**THE PROBLEM**
Copy from the first line below down to and including the line with "Banh chung traditional". Skip the pictures.

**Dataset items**
* * *
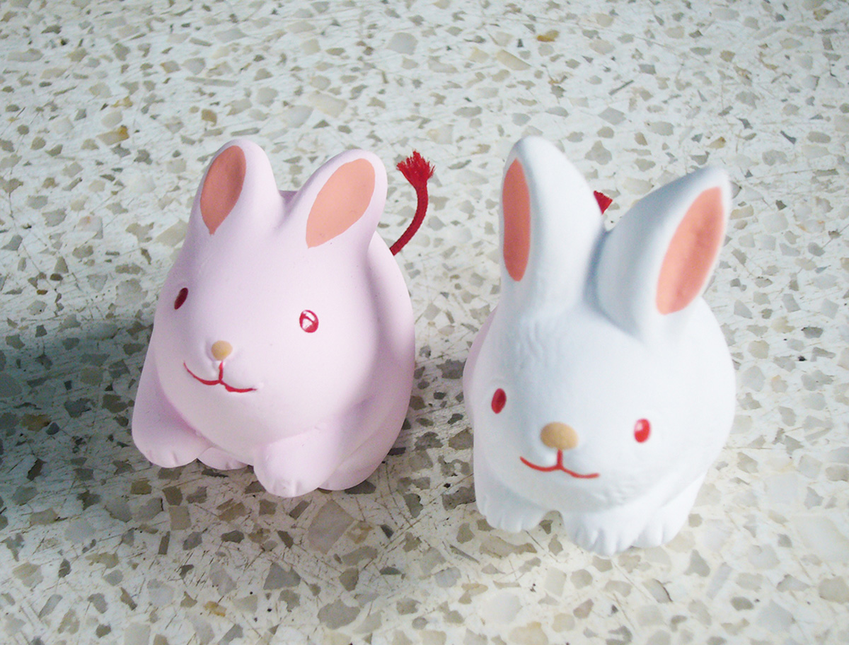昔この付近が野うさぎの生息地だったこと、そしてうさぎが多産であることから、子授け・安産の神社として信仰を集める。社殿の左右に2体の狛犬ならぬ狛うさぎが鎮座し、頭をなでると、夫婦円満・家内安全のご利益があるとか。お守りや絵馬もうさぎずくめ!
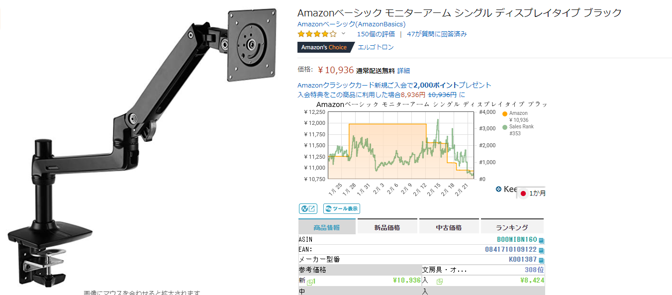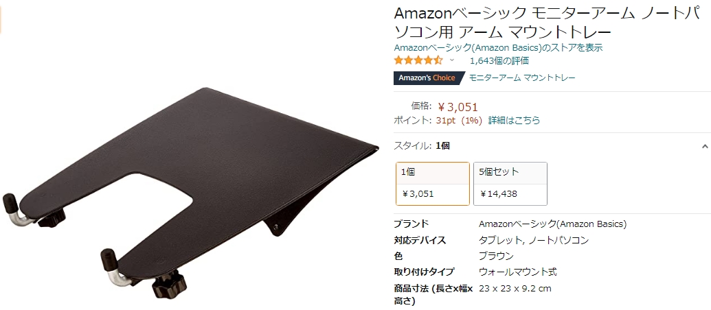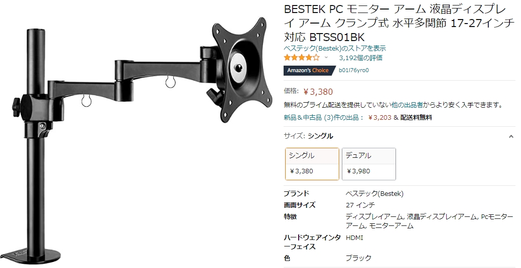 モニターアームはAmazonや楽天市場にたくさん出品されています。
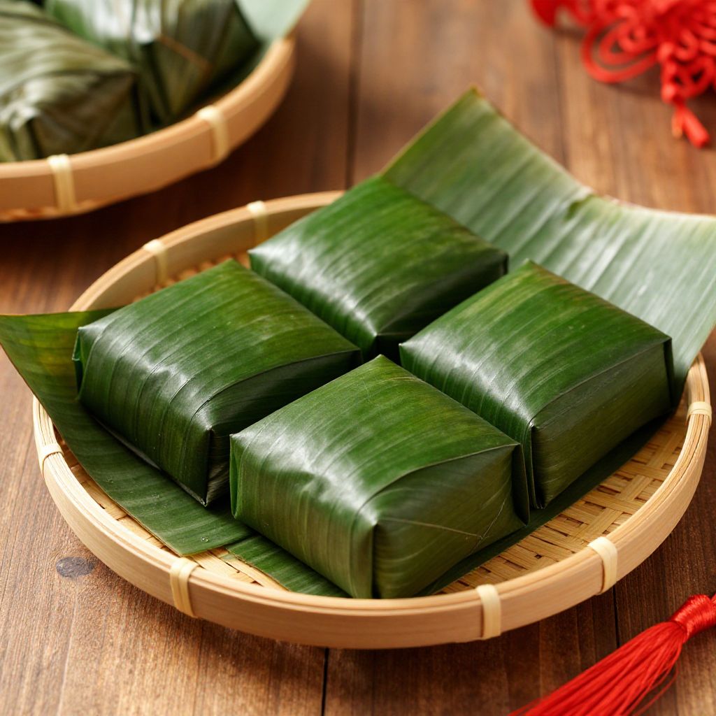 Banh chung traditional Vietnamese square sticky rice cake wrapped in green banana leaves, festive Tet holiday setting, wooden table with bamboo basket, natural daylight, cultural heritage, elegant rustic style, fine details
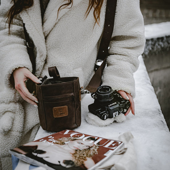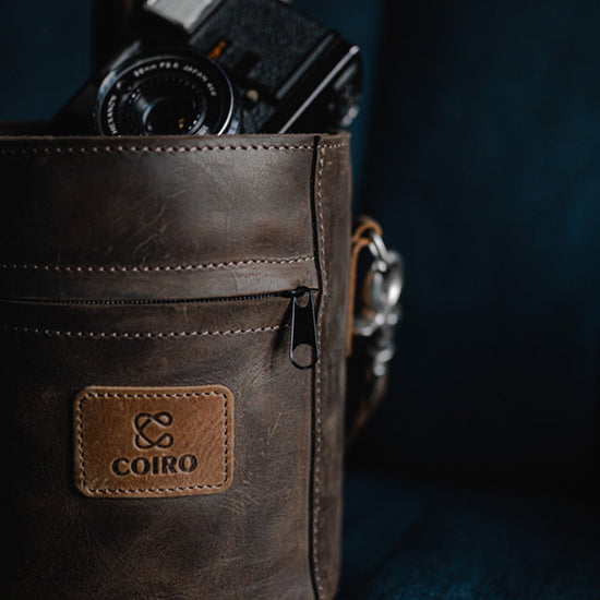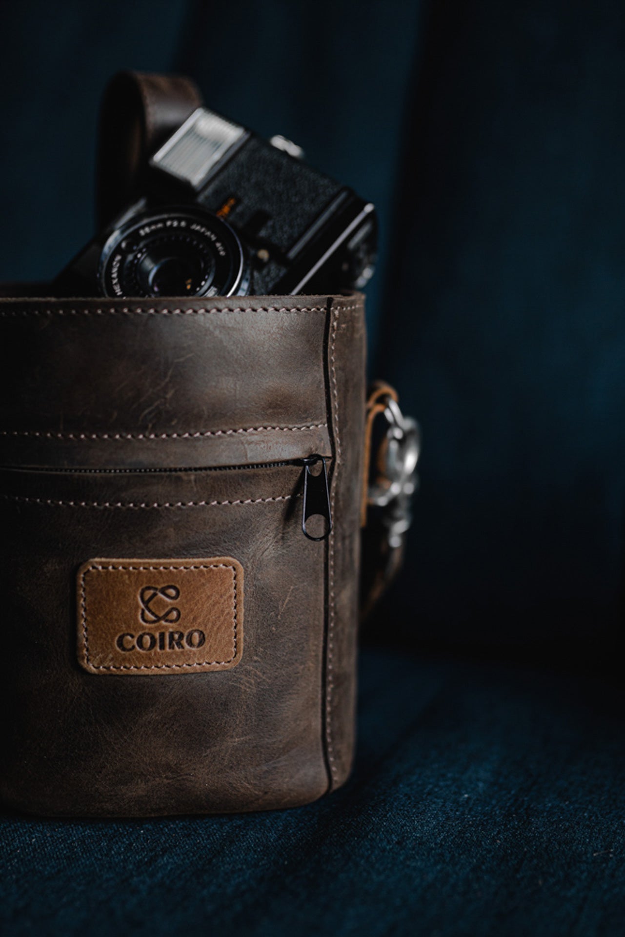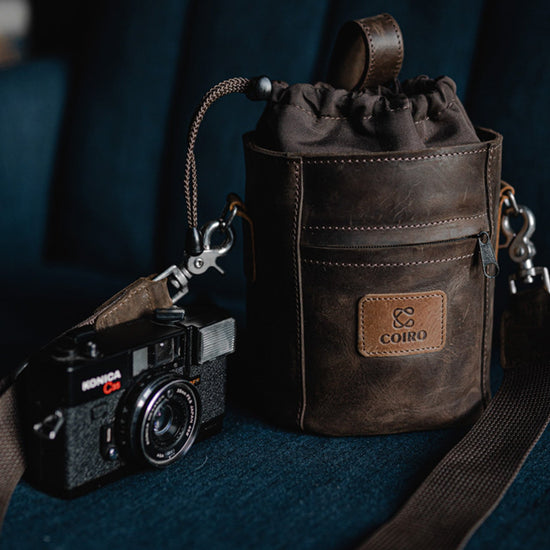 This camera lens bag is crafted from premium quality genuine leather with sturdy stitching and soft inserts, a durable design which is guaranteed to withstand for many years.
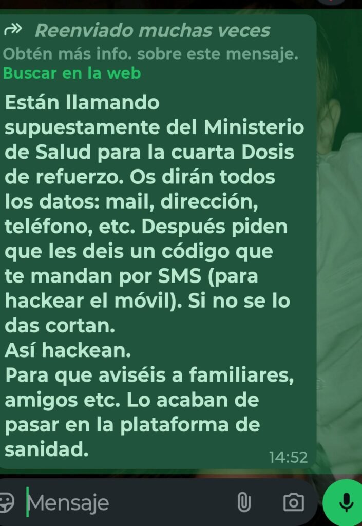 El bulo de la cuarta dosis: el falso mensaje que alerta de llamadas del “Ministerio de Salud”
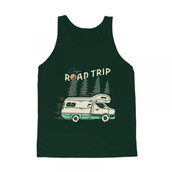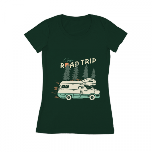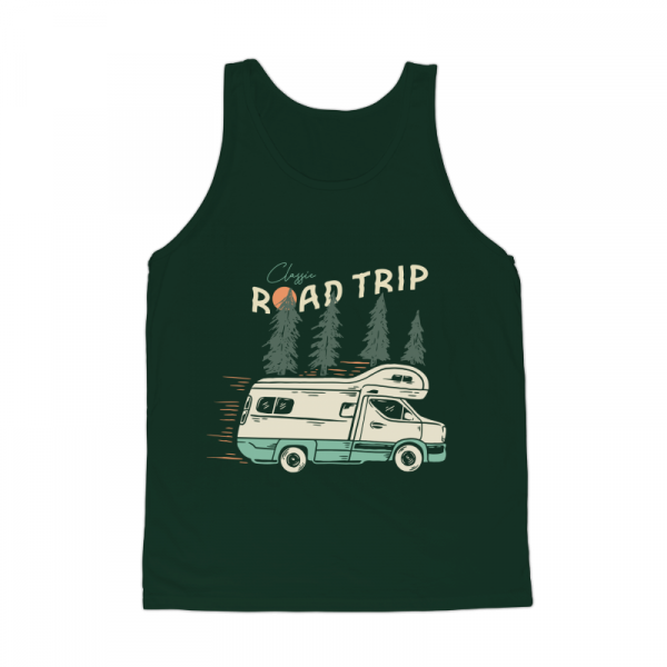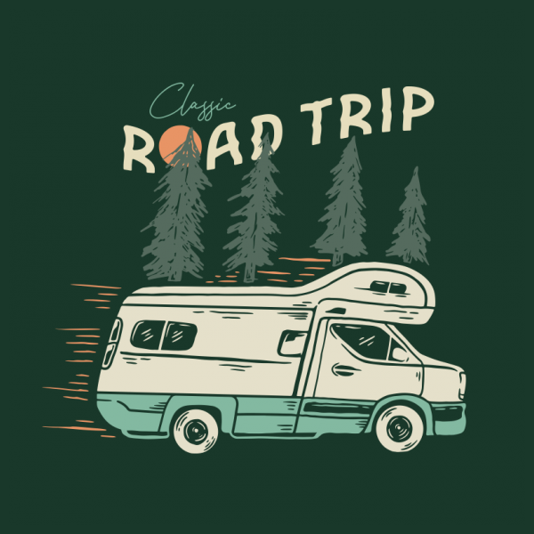 Classic Road Trip is a vintage illustration that is suitable for apparel or merchandise about nature, outdoors, mountain, adventure, vehicle, car, transportation, journey, trip, van, travel.
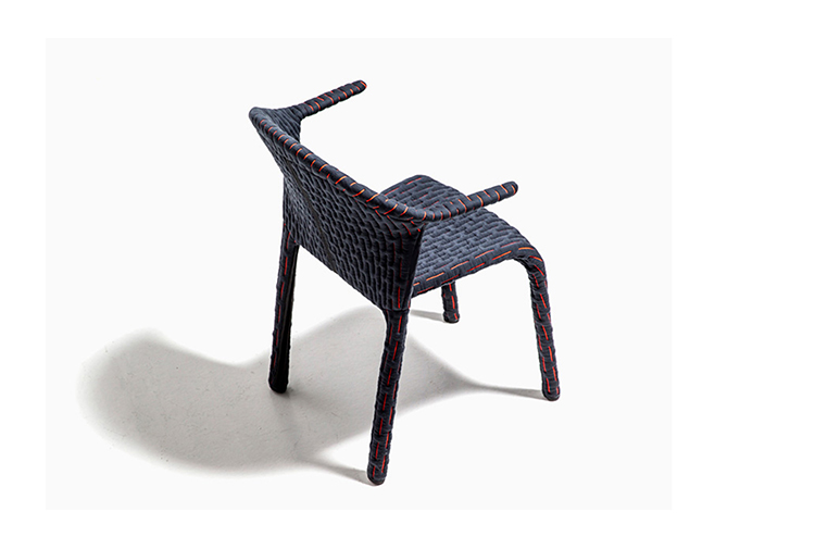 伪装成休闲椅的扶手椅,用他们的外表来控制空间。这主意很简单,用一件有衬垫的大衣盖住金属框架然后把它变成别的东西。一种非常直立的姿势,扶手的形状让人联想到双排扣外套的翻领,而这种相似之处就在中央扣扣上。室内装潢变成了衣服,可以在不过度的情况下,将赤裸的身体转变成一种追求自身内在同一性的物体。
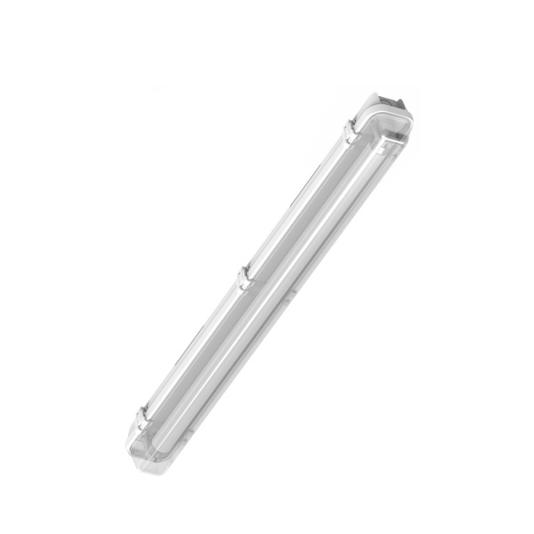 Luminária estanque saliente de teto para aplicação em espaços interiores e exteriores, com projeção de luz descendente. Corpo em policarbonato. Difusor em policarbonato prismático. Driver incorporado.
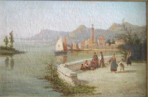 DOMMERSON, William, 1850-1927. "On the Lake of Como". Huile sur toile, signée. Titrée verso. École hollandaise. Oil on canvas, signed. Titled verso. Dutch School. 16" x 24" - 40.6cm x 61cm.
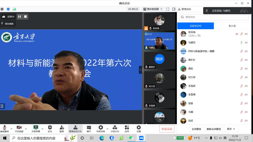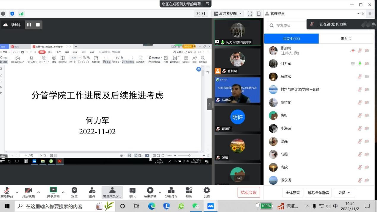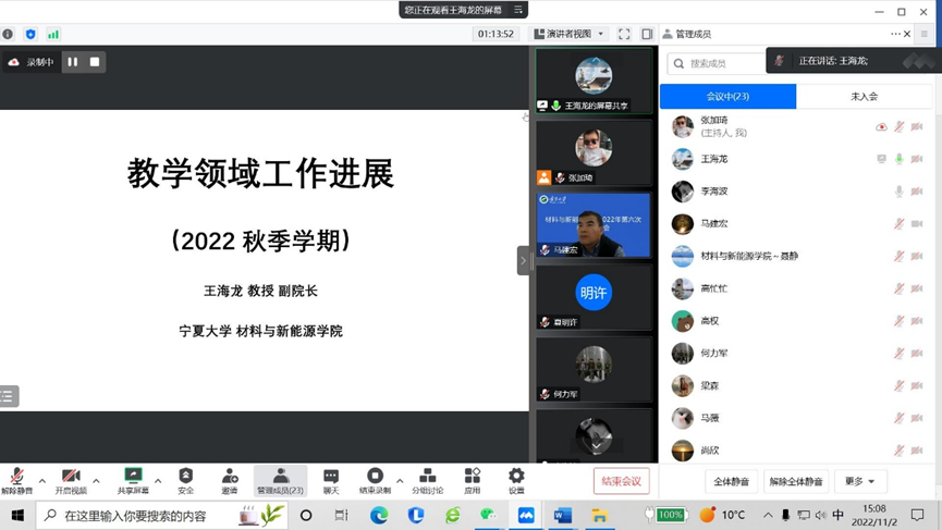 王海龙副经理汇报了组建基层教学组织、材工科培养方案修订、新生入学教育、教学实验室建设等教学领域相关工作情况。
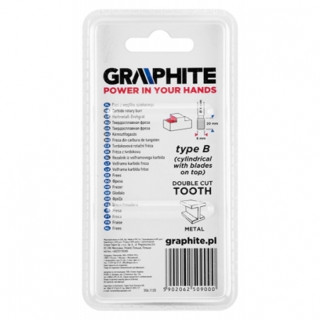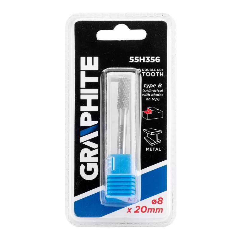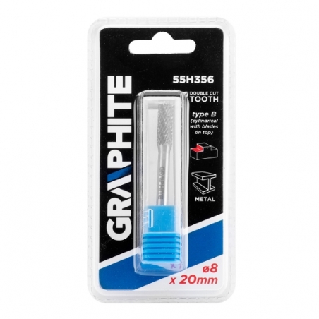 Frez do metalu, typ B - walcowy (B 0820), węglik spiekany, średnica 8 mm, nacięcie podwójne, długość robocza 20 mm, trzpień 6 x 45 mm, do szlifierki prostej.
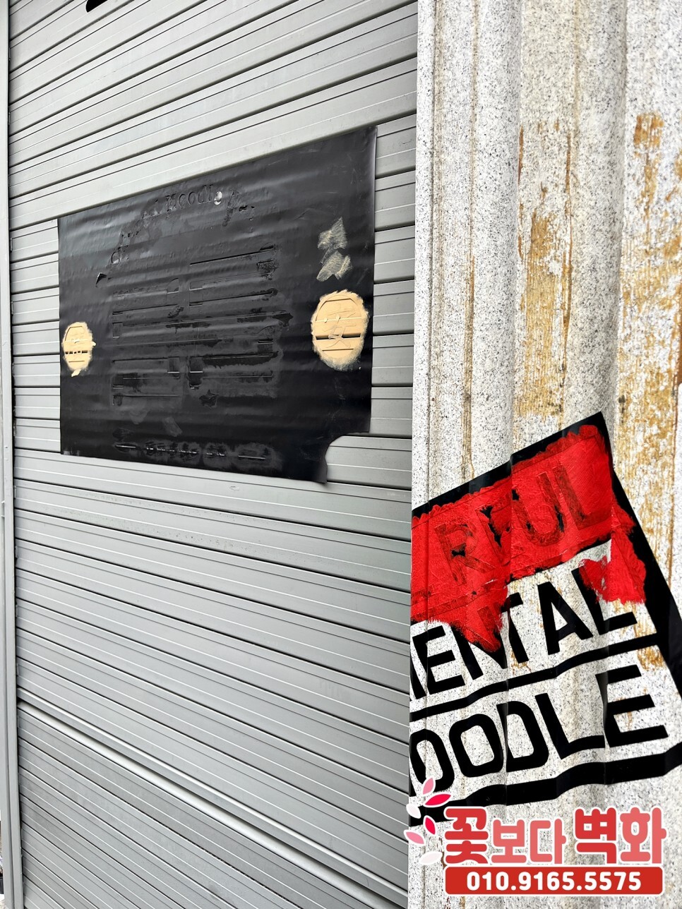 울퉁불퉁한 셔터 문과 벽면에도
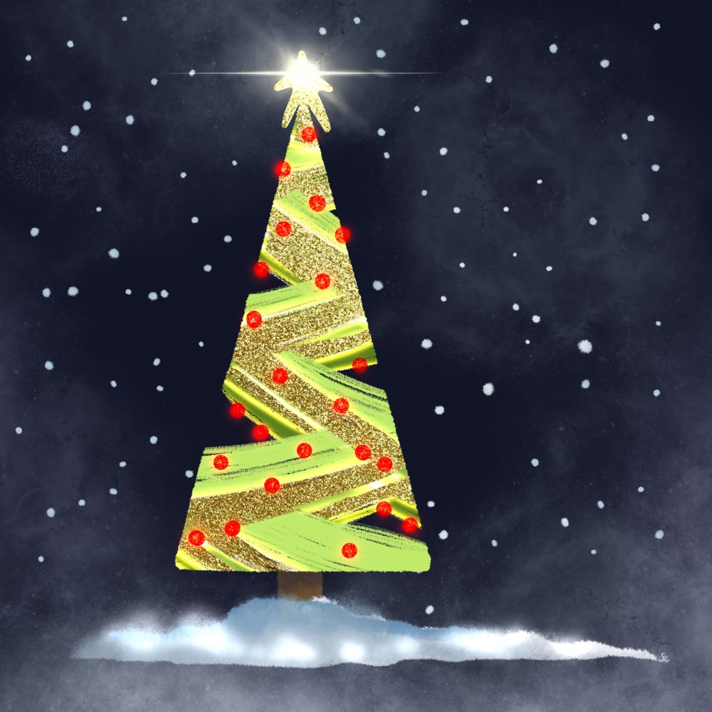 The prompt today is Christmas Tree Lights; Star Topper from #DoodlewashDecember2021 #WinterArtJN
* * *
**ANSWER**
昔この付近が野うさぎの生息地だったこと、そしてうさぎが多産であることから、子授け・安産の神社として信仰を集める。社殿の左右に2体の狛犬ならぬ狛うさぎが鎮座し、頭をなでると、夫婦円満・家内安全のご利益があるとか。お守りや絵馬もうさぎずくめ!
 モニターアームはAmazonや楽天市場にたくさん出品されています。
 Banh chung traditional Vietnamese square sticky rice cake wrapped in green banana leaves, festive Tet holiday setting, wooden table with bamboo basket, natural daylight, cultural heritage, elegant rustic style, fine details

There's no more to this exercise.